If she ever complained to anyone about having to cook vegetarian family dinners on account of the lukewarm daughter in law, (she being a Romanian carnivore), I never heard a word. I started to peer out from my tidy cocoon of assumptions. I couldn’t fathom her lack of resentment towards me. No martyrdom either. So I fell head over heels in fondness with her. Deep fondness.

I officially declared her to be my “mother-in-love” in my mother’s day card for her in 2001. It wasn’t just words; it felt like an offering.

This was momentous for Rodica. She had secured her place as Beloved in my tribe, and subsequently never tired of showing her mothers day card to her friends as proof-of-entry to my heart. And throughout the ten years remaining of her life, we basked, almost smugly, in the fact of each other.

For instance, she would take delight in exclaiming to me that, being mother and daughter-in-law, we were supposed to hate each other.

Two glasses started appearing on her kitchen bench when we’d arrive for a dinner. They sat expectantly, waiting for the gin & tonic she and I would share before sitting at the table. Every time I’d arrive and see those two little glasses set out, I’d feel moved. They were a pronouncement of our special bond, and the toast that would celebrate it. My sweet little mother-in-love, now breaking my heart without even trying.

In the first year after her death I moved slowly through a morass of disbelief and grief. She’d left so suddenly, so unannounced. I’d had in mind to party with her after Yaramin, our daughter, finished high school. She’d had plans to dance at Yaramin’s wedding.
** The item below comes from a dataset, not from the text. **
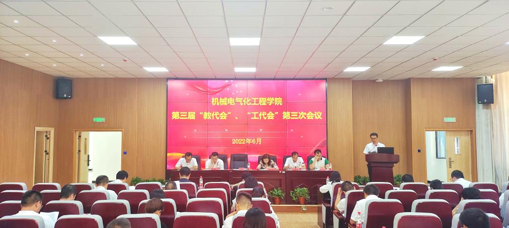 6月29日下午,机电院第三届“教代会”、“工代会”第三次会议在新校区D109会议室举行,兵团工会副主席周岭、公司党委副书记、经理王旭峰,副经理张宏、张有强、徐志佳,公司工会主席范修文及全体代表参加会议,会议由张有强主持。

I miss her so very much. All those years of rocking up at Robin’s parents’ for dinner, and being greeted with Rodica’s plaintive “I MISSED you!” have coalesced in my belly into a sense of her indomitable warmth and welcome. The dinners that initially presented a dreaded familial obligation eventually transformed, for me, into a ritual of familial homecoming where I never doubted I was wanted.

I remember the very night it turned for me. We were there for dinner, and I had left the table, tired from a long day. I lay myself down on the couch just to rest my eyes, and fell asleep to the cosy sounds of dessert and gossip. On the way home, Robin said, “Hey, you fell asleep on the couch! You must be feeling safe there now.”

She won me; she so utterly won me. My little mother-in-love, I’m sorry it took me so long.

This sculpture began as an expression of pain, quite hunched and bowed. Over months, her form unfurled into a meditative posture; a bit Madonna-like, a bit angel-like, a bit monk-like.

I pressed scalloped shells down her back to give a sense of cloaked wrapping around her shoulders, and also to reference the sacred feminine of the ocean that birthed us all. The suggestion of her arms/sleeves created a well at their base. I loved floating flowers in there when the well would take in rainwater, and I imagined that someone might one day place their altar object there.

By completion, her form had evolved to express the feelings that my relationship with Rodica left me with; gratitude, tenderness, sorrow, respect, humility, mothered. I named the sculpture ‘Grace’, because the crafting of her brought me equanimity.

And I think Grace does bring equanimity. We seek it, we long for it, we pray for it. We meditate for equanimity, but if and when it settles in our heart, it is by Grace.

‘Grace’ has found a home in an exquisite, Japanese-style courtyard garden, and she holds an apophyllite crystal in the well of her sleeves.